QAP (Quadratic Arithmetic Programs)

Abstract

The QAP is the technology which converts computation to polynomial groups. With this, we can check whether the computation was executed correctly just factor the polynomial without execute computation again.

Details

Let's take a look at details. I give a example. Let's prove that following computation was executed correctly.

$a^2 \cdot b^2 = c.$

Assume that c is public input. a and b are private input. Prove that knowledge of a and b satisfying above equation.

Flattening

First of all, let's disassemble the computation to minimum form using multicative.

$1: a * a = a^2$ $2: b * b = b^2$ $3: a^2 * b^2 = c$

Now the computation was disassembled to three gate.

R1Cs

As described, we have three multicative computation and want to check whether each steps are executed correctly to set constraint. Before that, we permute above characters as following.

$[a, a^2, b, b^2, c] -> [v, w, x, y, z]$

And now, our computation can be expressed as following table. Left, Right and Output.

Gate	L	R	O
1	v	v	w
2	x	x	y
3	y	w	z

QAP

Let's express above table as polynomail groups. As example, express v polynomial on L column. x cordinate is Gate number and y cordinate is if that variable is used, it's going to be 1 and oserwise 0. In L column, v is only used Gate 1 so express as (1, 1) (2, 0) (3, 0).

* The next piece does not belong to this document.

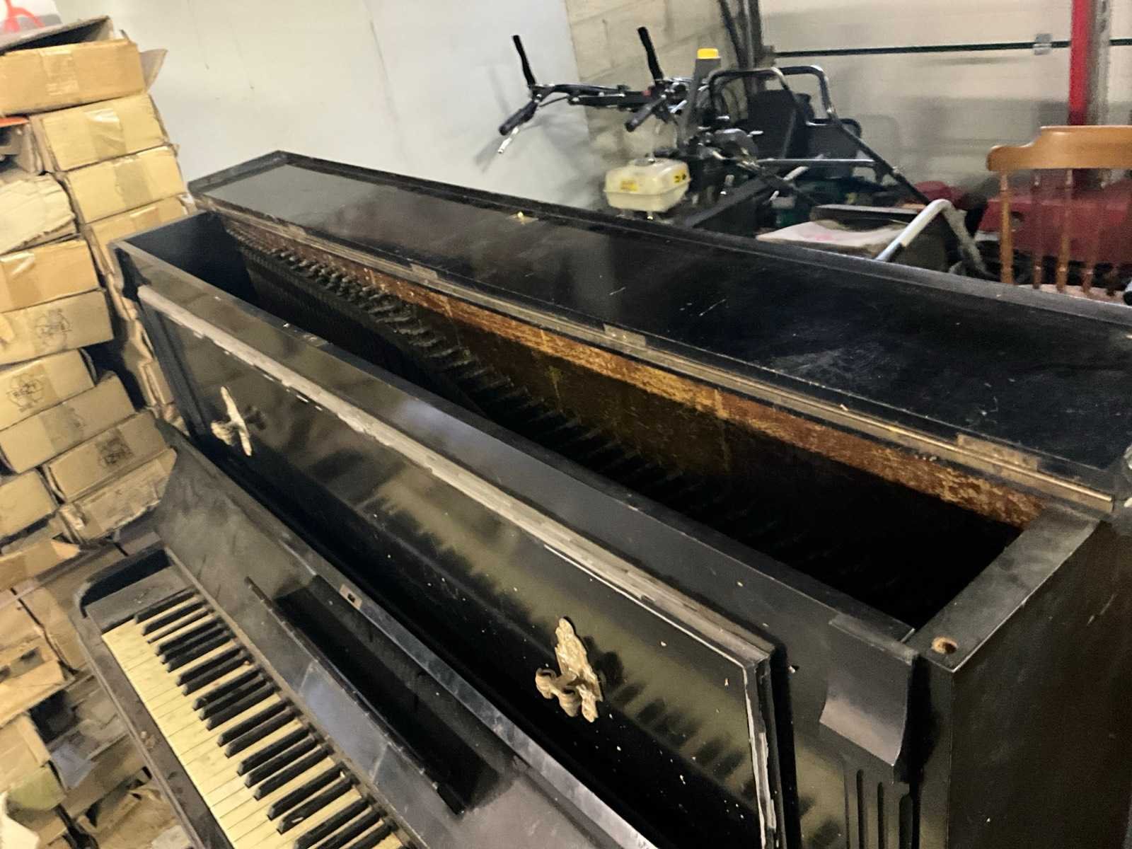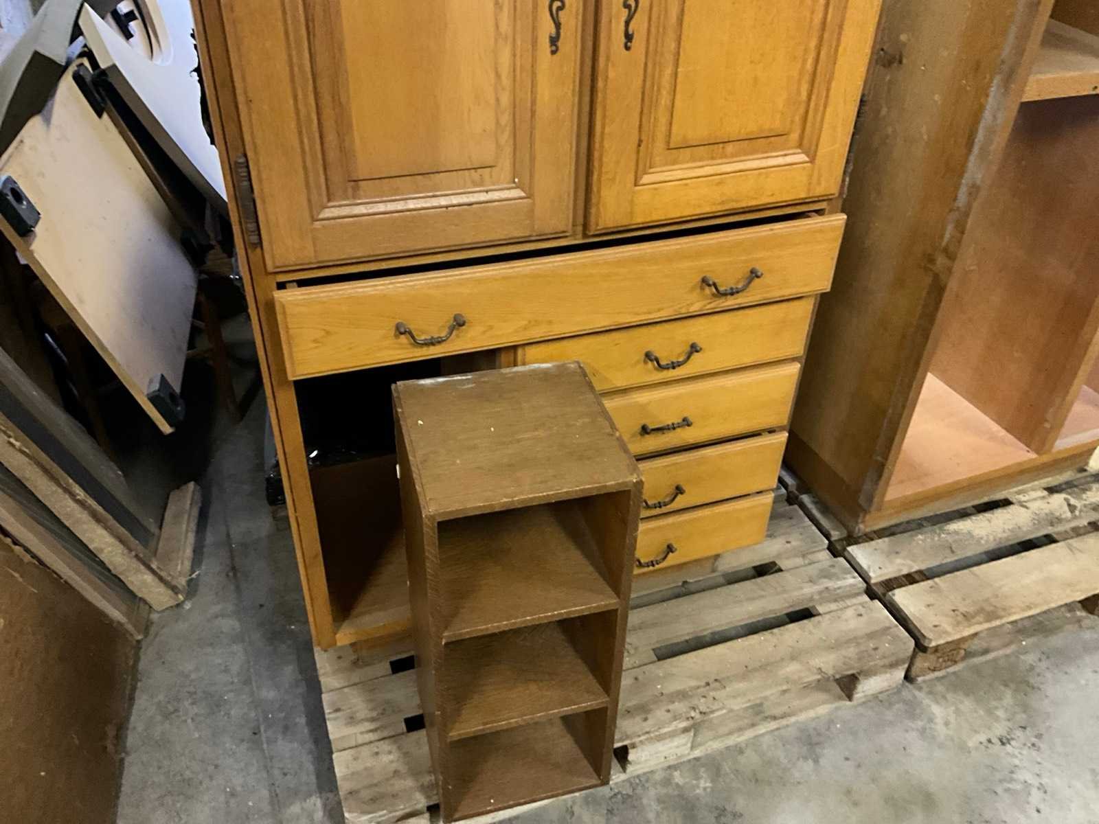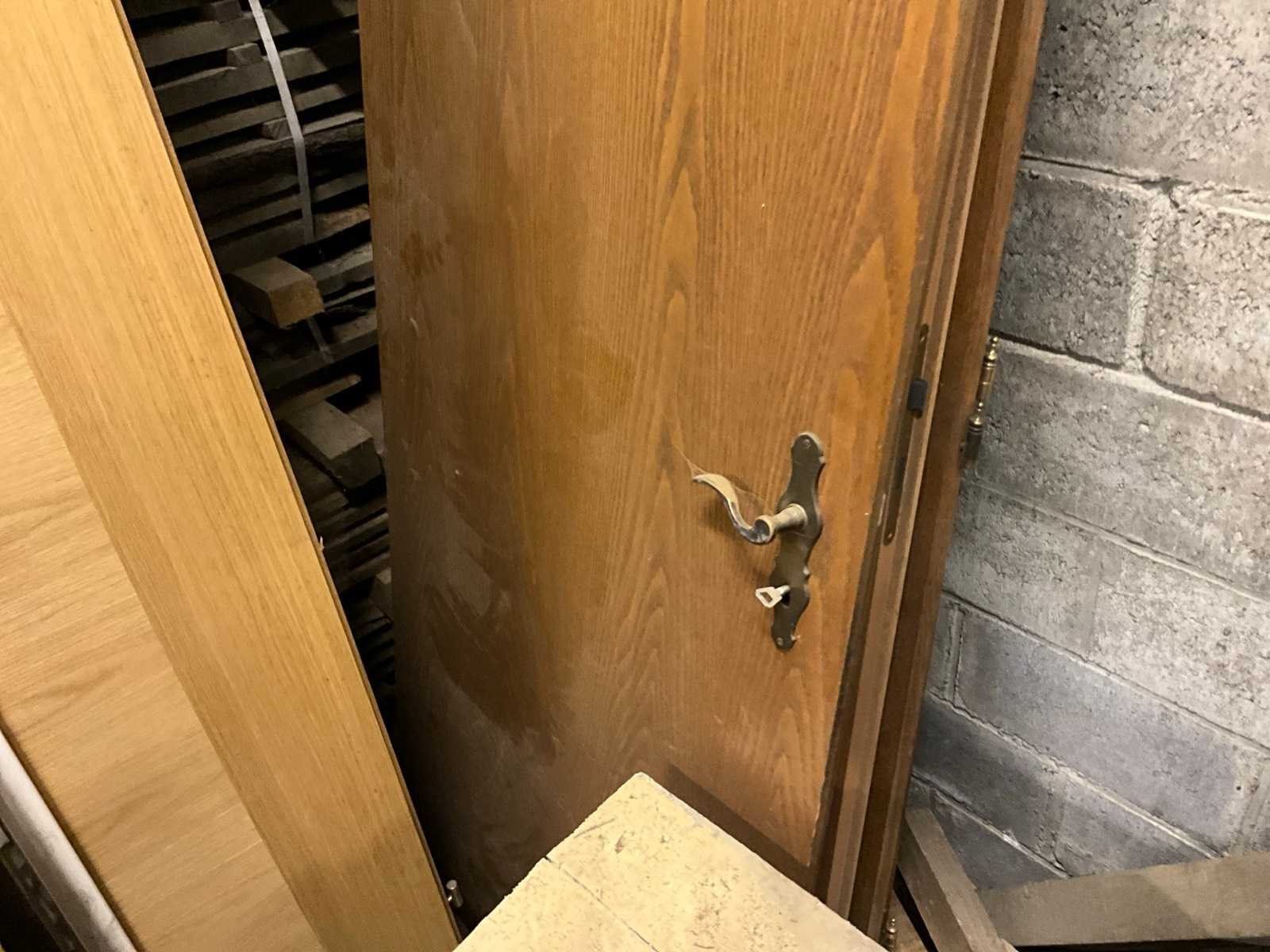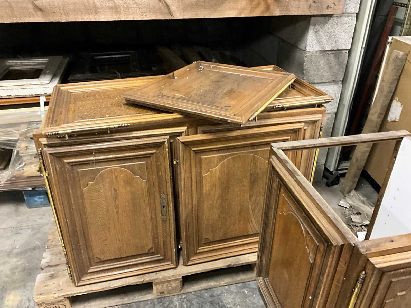 Waaronder 10 diverse houten binnendeuren, 9 diverse houten en kunstoffen raam en deur chassis in diverse maten, 3 diverse houten kasten waaronder met afmetingen:90x56x214 en 126x60x90cm, piano met afmeting; 150x65x125cm, afgifte volgens aanwijzing Non

Find polynomial using Lagrange interpolation formula for each variables.

L column polynomial

Variable	Cordinate	Polynomial	Name
v	(1, 1) (2, 0) (3, 0)	$\frac{x^2}{2} - \frac{5x}{2} + 3 \\$	Lv
w	(1, 0) (2, 0) (3, 0)	0	Lw
x	(1, 0) (2, 1) (3, 0)	$-x^2 + 4x - 3$	Lx
y	(1, 0) (2, 0) (3, 1)	$\frac{x^2}{2} - \frac{3x}{2} + 1 \\$	Ly
z	(1, 0) (2, 0) (3, 0)	0	Lz

Above polynomial expresses the gate that variable uses. When we pass gate number to polynomial v $\frac{x^2}{2} - \frac{5x}{2} + 3 \\$ , we can know which gate the v is used. For example, we pass 1 to polynomial v, it returns 1 so the variable v is used on gate 1 but it returns 0 when we pass 2 and 3 so it's not used on these gate. When we add all polynomial Lv + Lw + Lx + Ly + Lz = L(x), it returns 1 when we pass 1, 2 and 3. We do the same operation for each column and get polynomials as well.

L(x)
Lv + Lw + Lx + Ly + Lz
R(x)
Rv + Rw + Rx + Ry + Rz
O(x)
Ov + Ow + Ox + Oy + Oz

We can intruduce above polynomials when we decide the computation.

Proof

From now on, we are going to prove the state ment. In here, we use a = 2, b = 3 and c = 36. We can get actual value as following.

$[v, w, x, y, z] -> [2, 4, 3, 9, 36]$

And we multiply above variables by for each polynomial. For example, L(x) is following.

$L(x) = v * Lv + w * Lw + x * Lx + y * Ly + z * Lz$

When we pass the 1 to L(x), we can get v because only Lv returns 1 and others return 0. R(x) as well and O(x) returns w so following equation holds.

$L(1) * R(1) - O(1) = v * v - w = 2 * 2 - 4 = 0$

It corresponds the table we saw in R1Cs and above also holds the case x = 2 and x = 3. When we want to prove the statement, we are going to make above polynomial with secret [v, w, x, y, z] -> [2, 4, 3, 9, 36] so polynomial would be integrated as one as following.

$L(x) = 2 * Lv + 4 * Lw + 3 * Lx + 9 * Ly + 36 * Lz$ $R(x) = 2 * Rv + 4 * Rw + 3 * Rx + 9 * Ry + 36 * Rz$ $O(x) = 2 * Ov + 4 * Ow + 3 * Ox + 9 * Oy + 36 * Oz$ $L(x) * R(x) - O(x) = P(x)$

We make the P(x) to prove the statement.

Verification

We can know whether computation was executed correctly to devide P(x) with (x - 1) * (x - 2) * (x - 3). If it's devided as following prover knows the secret a and b leading c.

$P(x) = (x - 1) * (x - 2) * (x - 3) * T(x)$

In this section, we understood how to convert computation to polynomial groups but there are some possibility that P(x) was made without using secret. In addition to this, we can know the secret to factor the polynomial. Zk SNARKs addresses the former problem with Polynomial Commitment and latter problem with homomorphic encryption.